И все же Мочульский не стремится к построению независимых философически–историософских образов в чешуе литературных отражений. Он — больше ученый и в этой роли педагог, хотя непрямо постоянно дает почувствовать личный вкус. Но решение научной задачи не препятствует ему быть пристрастным. По–писательски он следит за тем, как из конфликта между судьбой и творчеством рождается конкретная книга.
Мочульский нашел для себя полезное и в академизме сравнительного литературоведения, и в восприятии текста нарождавшимся у него на глазах формализма, и в захватывающих построениях религиозно–философской критики, и в импрессионистических эссе символистов. С кем-то его связывает увлечение Вл. Соловьевым, усиленное к тому же софиологией 1930–х гг. о. Сергия Булгакова, с кем-то — кропотливое чтение впервые публиковавшегося в период между двумя мировыми войнами литературного наследия, сопоставительный анализ мемуарных свидетельств. К чести Мочульского, все это не мешает ему говорить своим голосом, чуть–чуть лирически.

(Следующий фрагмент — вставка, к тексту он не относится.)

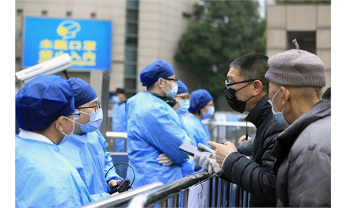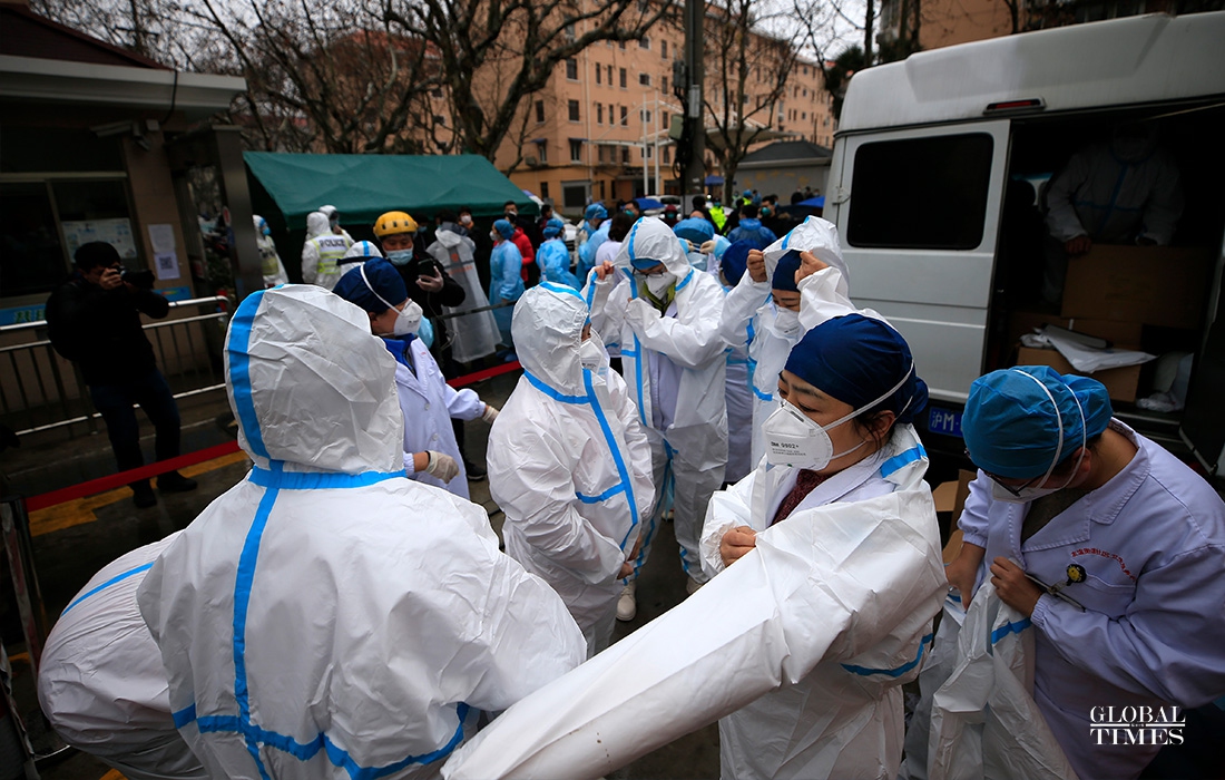Medical workers prepare to give residents in Shanghai nucleic acid tests. Photo: Yang Hui/GT

Разумеется, им не могло не учитываться напряжение философско–религиозных и политических споров, которые велись в эмигрантской среде и, как и некогда в России, сталкивали между собой новых–старых западников и славянофилов, эстетов и почвенников, радикалов и консерваторов. Еще трактовка Д. Мережковским и В. Брюсовым творчества Гоголя, громкий резонанс «Вех», а позже схватка между редакциями милюковских «Последних новостей» и «Возрождения» (издававшегося А. О. Гукасовым), ожесточенная полемика по поводу «карикатурного» изображения Чернышевского в «Даре» Набокова в разной мере показывали, что традиция, восходящая к знаменитому письму «неистового Виссариона» Гоголю, влиятельности не утратила, а религиозные искания творческой личности в ее восприятии являлись не чем иным, как проявлением обскурантизма.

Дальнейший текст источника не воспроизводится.